= Source information =
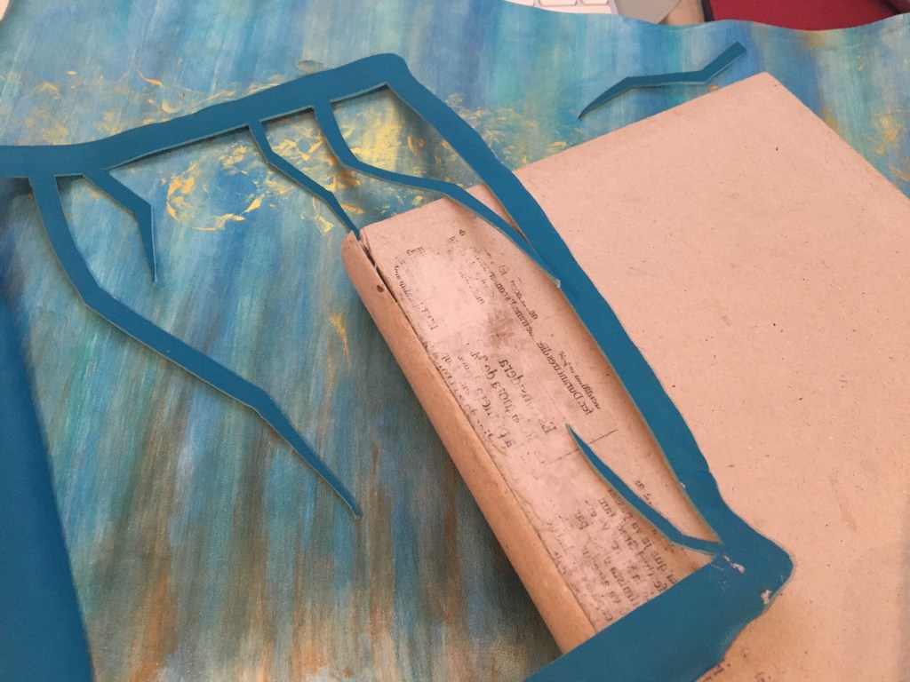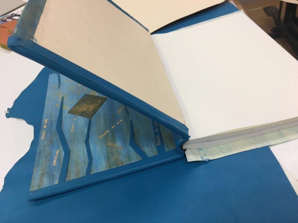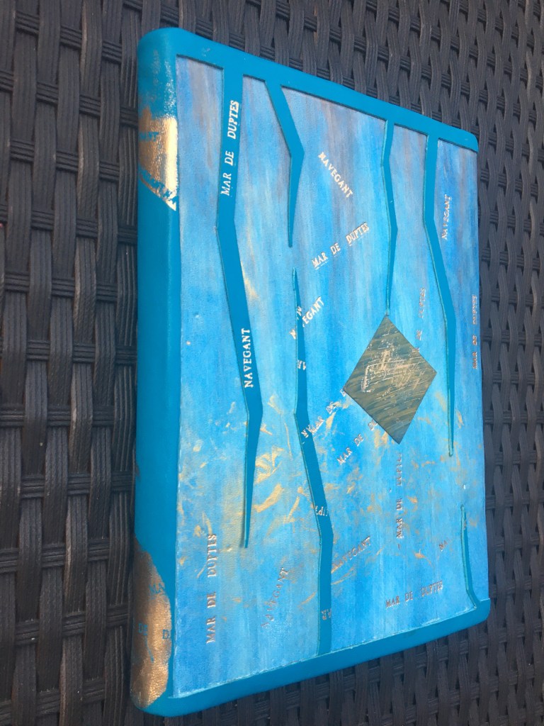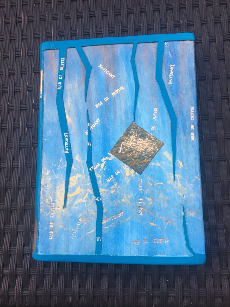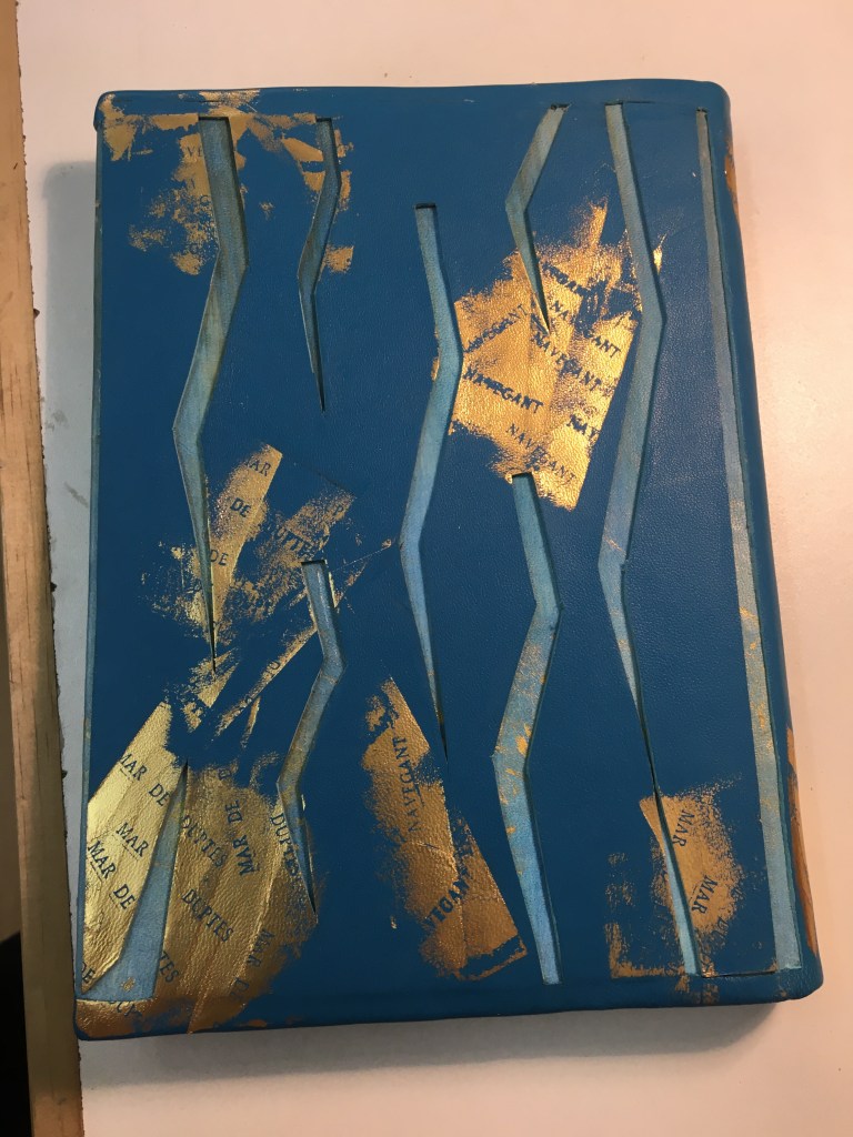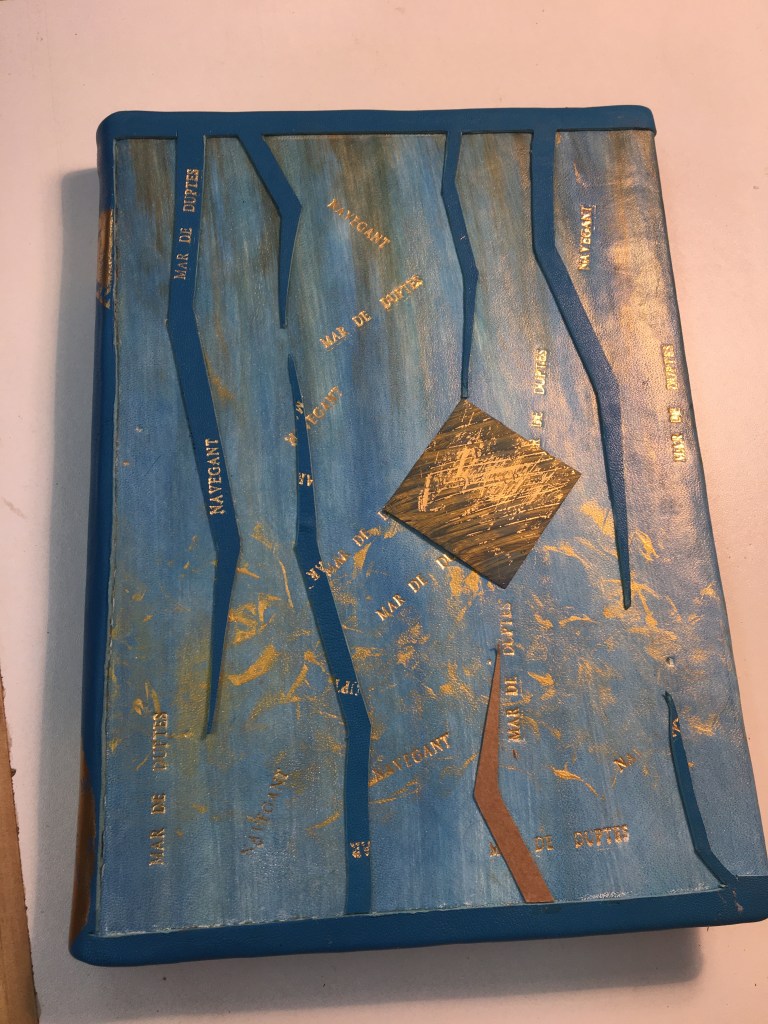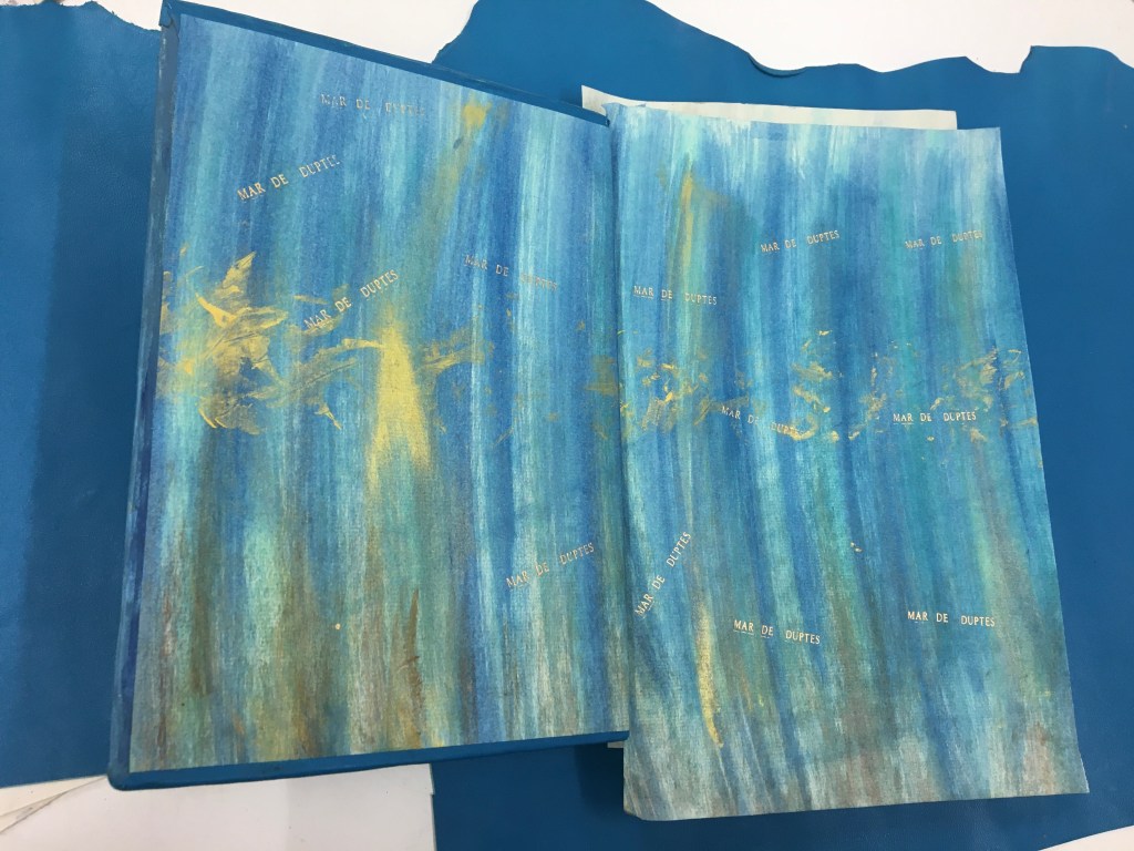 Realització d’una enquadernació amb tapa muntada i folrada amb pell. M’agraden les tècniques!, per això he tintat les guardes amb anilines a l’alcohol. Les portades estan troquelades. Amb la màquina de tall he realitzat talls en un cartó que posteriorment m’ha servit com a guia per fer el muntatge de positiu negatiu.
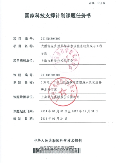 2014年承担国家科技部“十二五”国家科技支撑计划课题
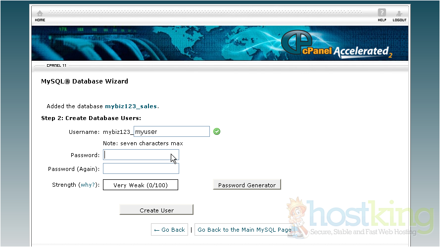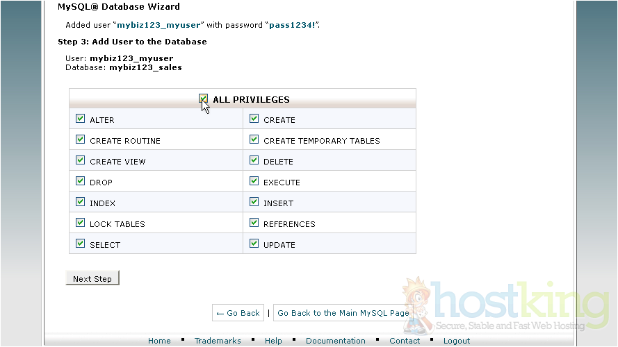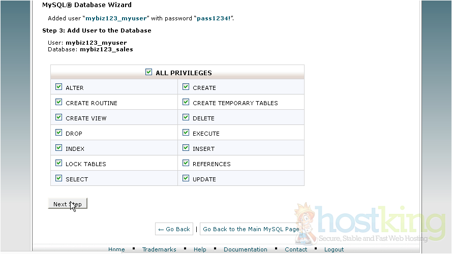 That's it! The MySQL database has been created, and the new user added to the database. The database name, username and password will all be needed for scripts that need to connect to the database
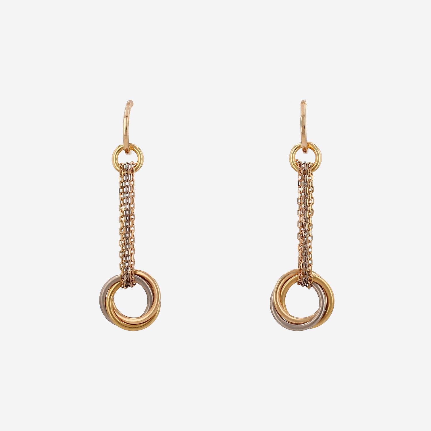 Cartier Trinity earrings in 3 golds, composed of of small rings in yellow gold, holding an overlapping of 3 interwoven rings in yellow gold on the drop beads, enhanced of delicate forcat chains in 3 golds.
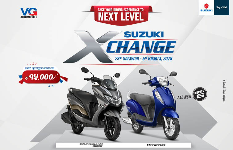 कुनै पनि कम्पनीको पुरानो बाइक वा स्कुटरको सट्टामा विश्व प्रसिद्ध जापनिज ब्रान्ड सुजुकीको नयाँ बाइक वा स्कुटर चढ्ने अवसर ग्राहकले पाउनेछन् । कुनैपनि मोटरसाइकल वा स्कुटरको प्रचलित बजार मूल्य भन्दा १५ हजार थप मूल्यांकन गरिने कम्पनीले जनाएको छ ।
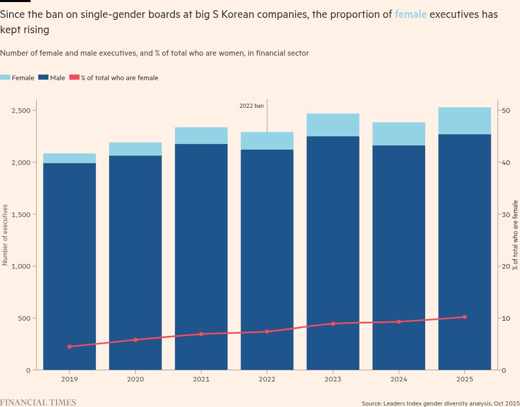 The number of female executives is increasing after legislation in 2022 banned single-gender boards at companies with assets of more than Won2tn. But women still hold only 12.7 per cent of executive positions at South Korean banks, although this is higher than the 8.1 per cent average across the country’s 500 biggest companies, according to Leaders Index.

= The problem =
The entries are to be transcribed in full. Their pictures are not.

= Written reply =
 Realització d’una enquadernació amb tapa muntada i folrada amb pell. M’agraden les tècniques!, per això he tintat les guardes amb anilines a l’alcohol. Les portades estan troquelades. Amb la màquina de tall he realitzat talls en un cartó que posteriorment m’ha servit com a guia per fer el muntatge de positiu negatiu.
 2014年承担国家科技部“十二五”国家科技支撑计划课题
 That's it! The MySQL database has been created, and the new user added to the database. The database name, username and password will all be needed for scripts that need to connect to the database
 Cartier Trinity earrings in 3 golds, composed of of small rings in yellow gold, holding an overlapping of 3 interwoven rings in yellow gold on the drop beads, enhanced of delicate forcat chains in 3 golds.
 कुनै पनि कम्पनीको पुरानो बाइक वा स्कुटरको सट्टामा विश्व प्रसिद्ध जापनिज ब्रान्ड सुजुकीको नयाँ बाइक वा स्कुटर चढ्ने अवसर ग्राहकले पाउनेछन् । कुनैपनि मोटरसाइकल वा स्कुटरको प्रचलित बजार मूल्य भन्दा १५ हजार थप मूल्यांकन गरिने कम्पनीले जनाएको छ ।
 The number of female executives is increasing after legislation in 2022 banned single-gender boards at companies with assets of more than Won2tn. But women still hold only 12.7 per cent of executive positions at South Korean banks, although this is higher than the 8.1 per cent average across the country’s 500 biggest companies, according to Leaders Index.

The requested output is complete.